Floats are complicated. Never trust them. We know the infamous $0.1 + 0.2 \neq 0.3$ (look up 0.30000000000000004.com)
This is because:
- The format for storing floating-point numbers which almost all computers use has limited precision,
- and that format uses binary, not decimal, and when converted to binary, 1/10 is an infinite recurring fraction
When summing many floating-point numbers, small values can get “lost” due to rounding. IEEE‑754 doubles store a sign, an 11‑bit exponent, and a 53‑bit significand (52 bits stored + 1 hidden leading bit). That means any real number you hold must be rounded to the nearest value whose binary fraction has ≤ 53 bits. For example:
double sum = 1e8;
sum += 1e-4; // stays 1e8
The problem is non-associativity. This can happen in situations like sampling where small instantaneous inputs can be added to a running total.

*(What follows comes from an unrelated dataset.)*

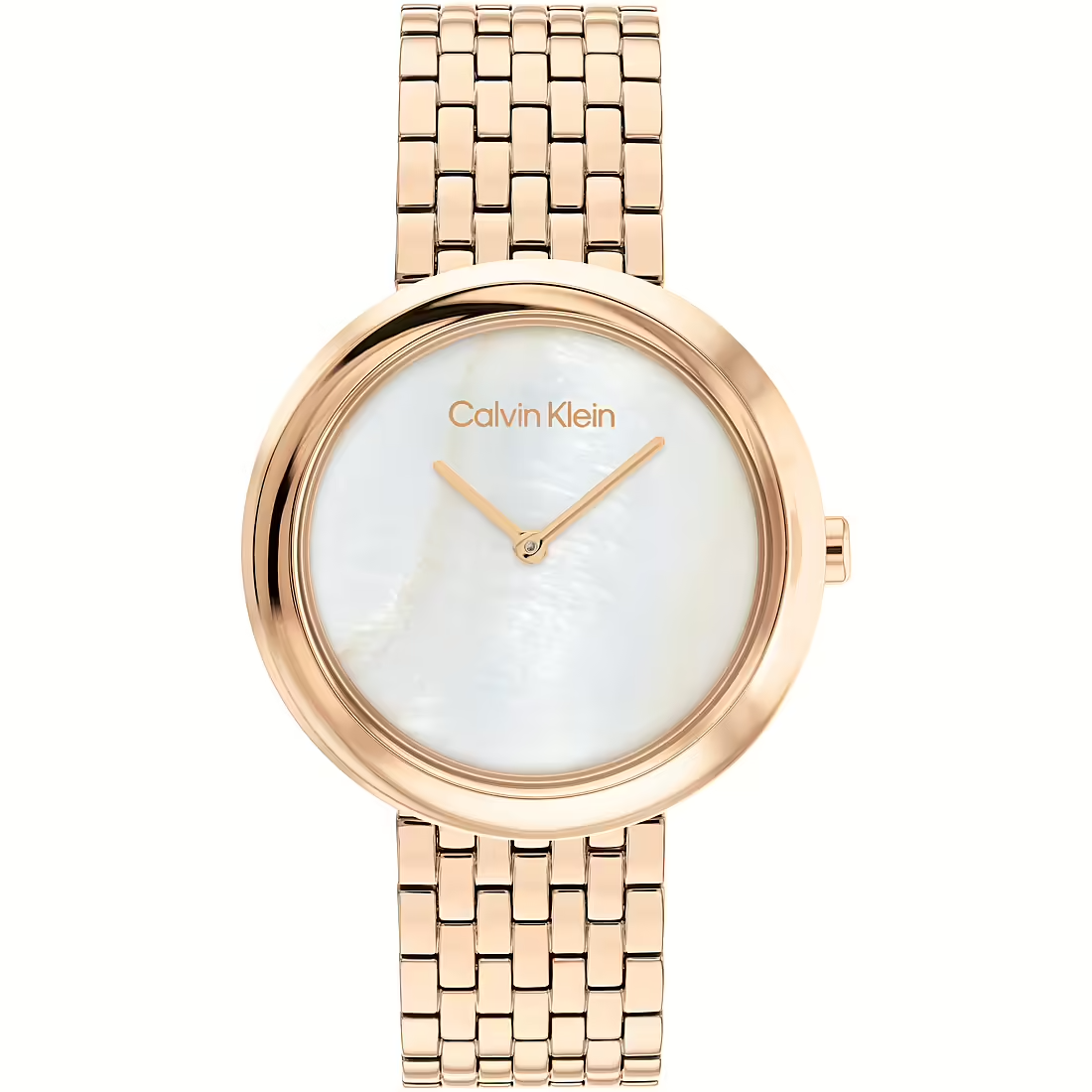 Orologio da donna di Calvin Klein della collezione Sculptural. Orologio solo tempo con movimento al quarzo 2 sfere e resistenza all'acqua di 3 atm. La cassa, di forma tonda, è realizzata in acciaio inossidabile ed è di colore oro rosa. Diametro cassa: 34 mm. Il quadrante è di colore bianco. Il cinturino è realizzato in acciaio inossidabile ed è di colore oro rosa.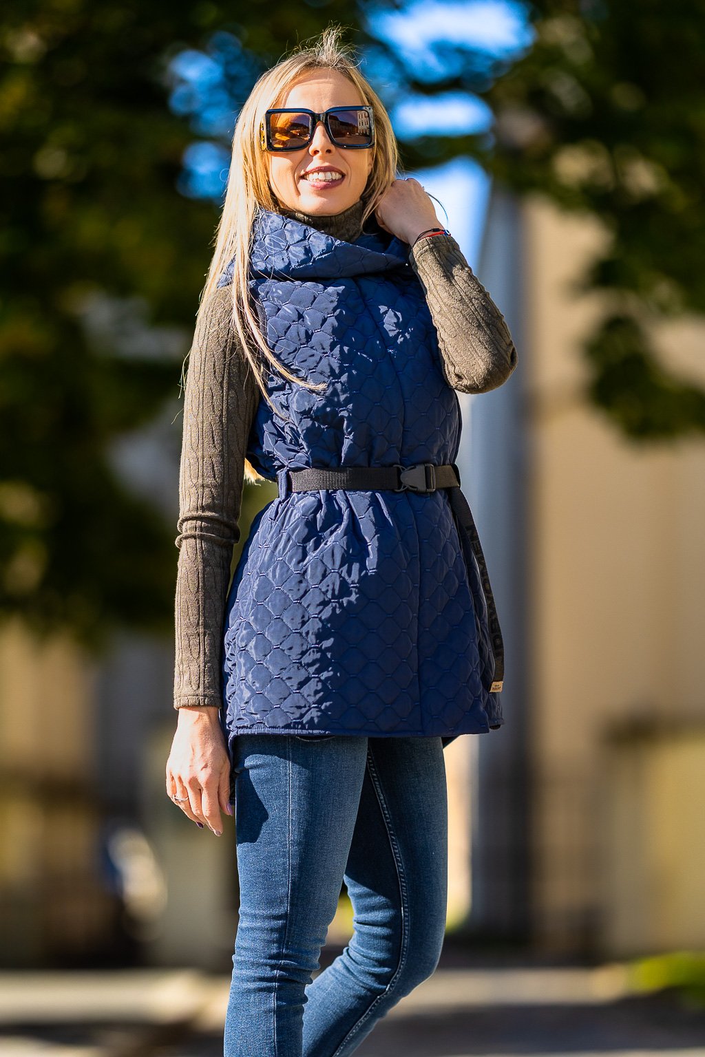 Novinka-středně dlouhá originální dámská prošívaná vesta ASPEN s páskem a kapucí v trendové tmavě modré barvě a super šik délce. Vestička Vás zahřeje a suprově doplní outfit. Je to kousek, který by neměl chybět ve Vašem šatníku. Krásný, prošívaný a zateplený materiál hraje na sluníčku různými odstíny modré a vesta se stane korunou Vašeho nového outfitu, protože v reálu vypadá opravdu luxusně.

Consequently, $(a+b)+c$ can differ from $a + (b + c)$. Summing small numbers after large ones repeatedly causes their bits to be shifted out at every step, so total error can grow.
Kahan Summation
Kahan fixes this by tracking the rounding error and adding it back:
double kahanSum(const std::vector<double>& v) {
double sum = 0.0, c = 0.0;
for (double x : v) {
double y = x - c;
double t = sum + y;
c = (t - sum) - y;
sum = t;
}
return sum;
}
Kahan summation keeps a tiny compensation $𝑐$ that tracks the low‑order part that got rounded away at each step. On the next addition it adds $c$ back first, so those lost bits get a chance to land in higher, retainable positions of the significand before the big add happens, dramatically reducing loss.